CAUTION: It is best to use ~/data as the root location of all data used by SEERaBomb.

SEER ASCII data in ~/data/SEER/incidence and ~/data/SEER/populations is then converted into an R binary file as follows

library(SEERaBomb)  #loads installed package SEERaBomb into memory 
(df=getFields())    #gets SEER fields into a data frame
(rdf=pickFields(df))#picks a subset of SEER fields and defines their types
mkSEER(rdf)         #makes merged data file ~/data/SEER/mrgd/cancDef.Rdata

Check the SEER data installation using

load("~/data/SEER/mrgd/cancDef.RData")#loads data.frame canc into memory 
head(canc,3)                          #returns top 3 rows of canc

A-Bomb Survivor Data

To use the Japanese atomic bomb survivor data, obtain the files lsshempy.csv and lssinc07.csv from https://www.rerf.or.jp/en/library/data-en/ under “The incidence of leukemia, lymphoma and multiple myeloma among atomic bomb survivors: 1950-2001” and “Solid Cancer Incidence Data, 1958-1998”, place them in ~/data/abomb, and run

mkAbomb() #converts files in ~/data/abomb into ~/data/abomb/abomb.RData

As a check,

load("~/data/abomb/abomb.RData")#loads data frames heme and solid 
View(heme)                      #note descriptions under column names

should show the hematological A-bomb data in a tab named heme in RStudio’s upper left panel.

Human Mortality Database (HMD) Data

To generate relative risk of mortality plots go the human mortality database https://www.mortality.org/ and register. Then go to the bottom of https://www.mortality.org/cgi-bin/hmd/hmd_download.php and download "All HMD countries" and unzip it into ~/data/hmd_countries. Now run

mkMrtLocal() #converts files in ~/data/hmd_countries/USA into ~/data/mrt/mrtUSA.RData

To check the installation run

load("~/data/mrt/mrtUSA.RData")  #loads R binary created by mkMortLocal() 
head(mrt$Female)   #shows first 5 years of female mortality rates 1933-2015

Usage

The code chunk below must be run before the examples. It loads libraries and data and defines acronyms.
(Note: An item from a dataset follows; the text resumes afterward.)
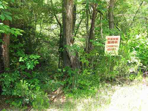 登山口 登山口は林道が90度曲がるところにありました。 登山口の表示はなく、この注意書き看板のところから左へ入っていきます。 |

graphics.off();rm(list=ls())#clear plots and environment
library(tidyverse);library(SEERaBomb);library(ggsci)#load packages          
library(survival);library(survminer);library(bbmle)
load("~/data/SEER/mrgd/cancDef.RData")#load SEER cancer data
load("~/data/SEER/mrgd/popsae.RData")#load SEER population data
load("~/data/abomb/abomb.RData")#load A-bomb data
load("~/data/mrt/mrtUSA.RData")#loads US mortality data
canc$cancer=fct_collapse(canc$cancer,AML=c("AML","AMLti","APL"))
secs=c("AML","ALL","CML")#second cancers of interest
gp=geom_point();gl=geom_line()
geRR=geom_errorbar(aes(ymin=rrL,ymax=rrU),width=.2)
ge=geom_errorbar(aes(ymin=LL,ymax=UL),width=0.2)#for absolute risks
gh=geom_hline(yintercept=1)
svts=scale_x_continuous(breaks=c(0,5,10))#surv times
agts=scale_x_continuous(breaks=c(25,50,75))#age times
sbb=theme(strip.background=element_blank())
ltb=theme(legend.margin=margin(0,0,0,0),legend.title=element_blank())
ltp=theme(legend.position="top")
lh=theme(legend.direction="horizontal")
sy=scale_y_log10()
jco=scale_color_jco()
tc=function(sz) theme_classic(base_size=sz);
gxi=xlab("Age (Years)")
gyi=ylab(quote(paste("Cases per ",10^5," Person Years")))

Example 1: CML mortality analyses

Chronic Myeloid Leukemia (CML) mortality RR time courses peak 4-6 years after diagnoses prior to 1990 (Figure 1A). This peak is not discernible in survival plots of the same data (Figure 1B). The R script for Figure 1A is:

d=canc%>%filter(cancer=="CML")%>%print(n=13)
d%>%summarize(n=n(),na=sum(is.na(surv)),prct=100*na/n)#<2% missing
d=d%>%mutate(status=as.numeric(COD>0),surv=(surv+0.5)/12)
d=d%>%select(yrdx,agedx,sex,surv,status)%>%print(n=13)
(D=msd(d,mrt,brkst=c(0,0.5,1,2,3,4,5,6,8),brksy=c(1975,1990,2005,2016)))
gx=xlab("Years Since CML Diagnosis")
gy=ylab("Relative Risk of Mortality")
myt=theme(legend.text=element_text(size=12),strip.text=element_text(size=12))
D%>%ggplot(aes(x=t,y=RR,col=Years))+facet_grid(.~sex)+gp+gl+gx+gy+gh+
       svts+jco+tc(14)+ltb+ltp+sbb+ylim(c(0,NA))+geRR+myt
ggsave("~/Results/tutorial/msdEx1A.pdf",width=4.5,height=3)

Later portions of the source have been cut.